If you're looking to expand your yoga practice, consider adding Halasana (also known as Plow Pose). This challenging and rewarding posture is a great way to build strength in the core and back muscles while improving balance and flexibility.
In this article, we will discuss what Halasana is and how it can help improve your overall health. We will also give you some tips on how to do it correctly so that you don't hurt yourself.
What Is Halasana (Plow Pose)?
Halasana is a yoga pose, also known as the plow pose. It's a backbend and inversion that's done in a supine position on the floor.

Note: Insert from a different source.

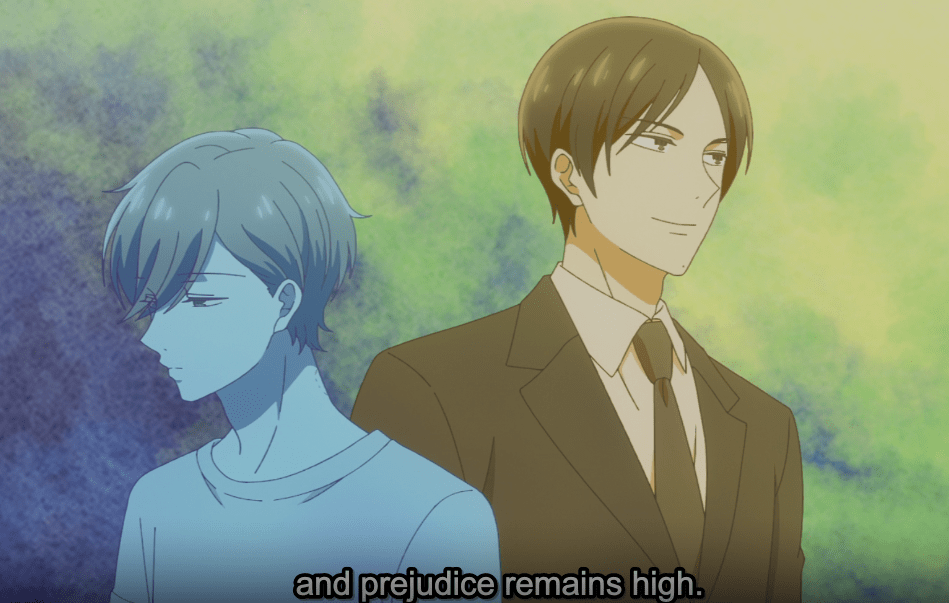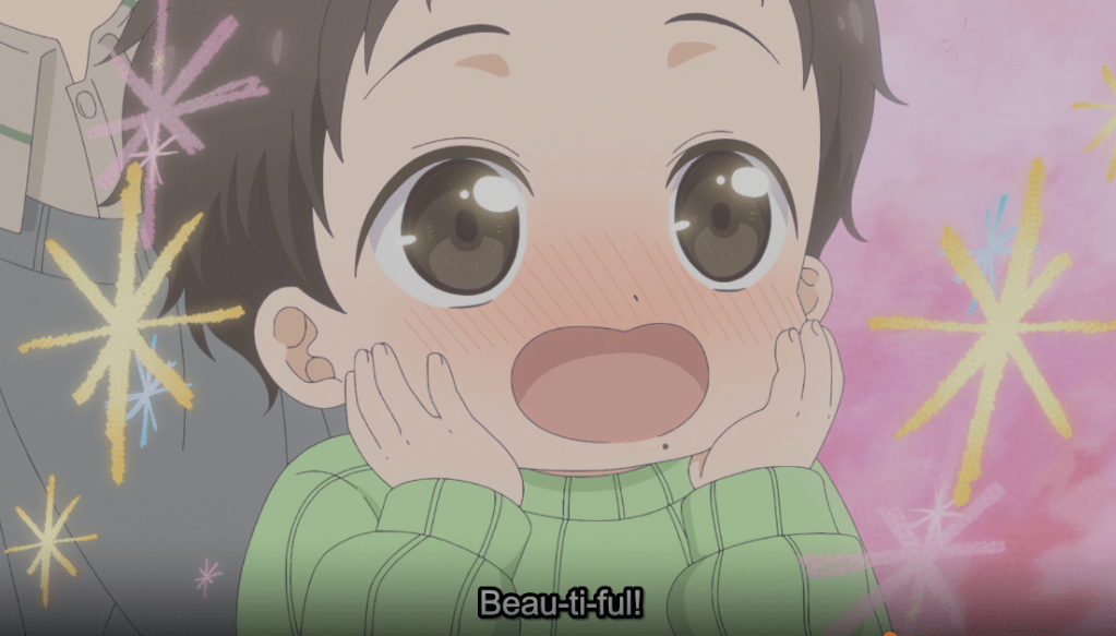 I adore this show! Hikari is so adorable. That being said, things must be drastically different in the omegaverse. Hikari is about to turn two, but has the vocabulary and comprehension of a child much older. I am looking forward to watching how the show navigates prejudice. In this show, the prejudice stems for the alpha/omega/beta status. Typically, they don’t mate outside of their secondary gender. To do so is almost taboo. The same could be said about same-sex couples in the real world. So, I am particularly interested on how this show navigates the prejudice that comes with not following social norms.

Halasana can be helpful for strengthening the back muscles and increasing blood flow to the brain and heart. It's also beneficial for relieving stress, fatigue and anxiety.
Plow Pose Benefits
There are a number of Halasana Yoga benefits that can help you be healthier, both mentally and physically.
1) Improves Digestion
The plow pose strengthens the colon and stimulates the digestive system. It results in proper digestion and absorption of the ingested food.
2) Relieve Back Pain
The halasana, or the plow pose, is a back bend that eases backaches by providing a gentle massage for the spine. It loosens the muscles along the spine and relieves stress throughout the body. This pose also increases flexibility in the back muscles.
3) Relieves Stress
The halasana or plow pose is a good way to relieve anxiety. It helps reduce stress-related problems and relaxes the mind. This pose relieves mental barriers caused by stress and promotes overall well-being as well.
4) Manages Diabetes
Halasana or plow pose can effectively manage diabetes. It reduces the amount of glucose in the blood and helps maintain an appropriate level of glucose in the body.
5) Improves Blood Circulation
In the plow pose, you reverse the flow of blood. That means the blood normally flowing to the legs goes up to the head instead, which helps oxygen flow throughout the body and promotes circulation.
Halasana Steps - How to Do Halasana
Halasana is a simple inversion that can be done by following these easy steps:
- Lie on your back with arms at your sides, palms down.
- Inhale and lift the left leg by 90 degrees, keeping it straight.
- Exhale and push your left leg behind your head as far as you can, keeping your right shoulder in contact with the floor.
- Hold this position for 20 minutes.
- Return to the starting position, inhaling as you raise your body to a sitting position and placing feet flat on the floor.
Safety Tips to Follow While Practising Plow Pose
Here's how it's done:
- If you have sinus, neck or digestive issues, avoid this pose.
- Don't force it if it hurts.
- Avoid the plow pose during your period or while pregnant.
- If you have headaches, reduce the amount of time spent in this pose. Always listen to your body.
Limiting the number of bends done in a sequence of asanas is important to reduce the risk of injury while performing Halasana.
The individual should do those actions, which will help avoid neck pain during this pose. It's advised to consult an experienced instructor for specific Halasana steps. You can also position a block underneath your head for comfort and support.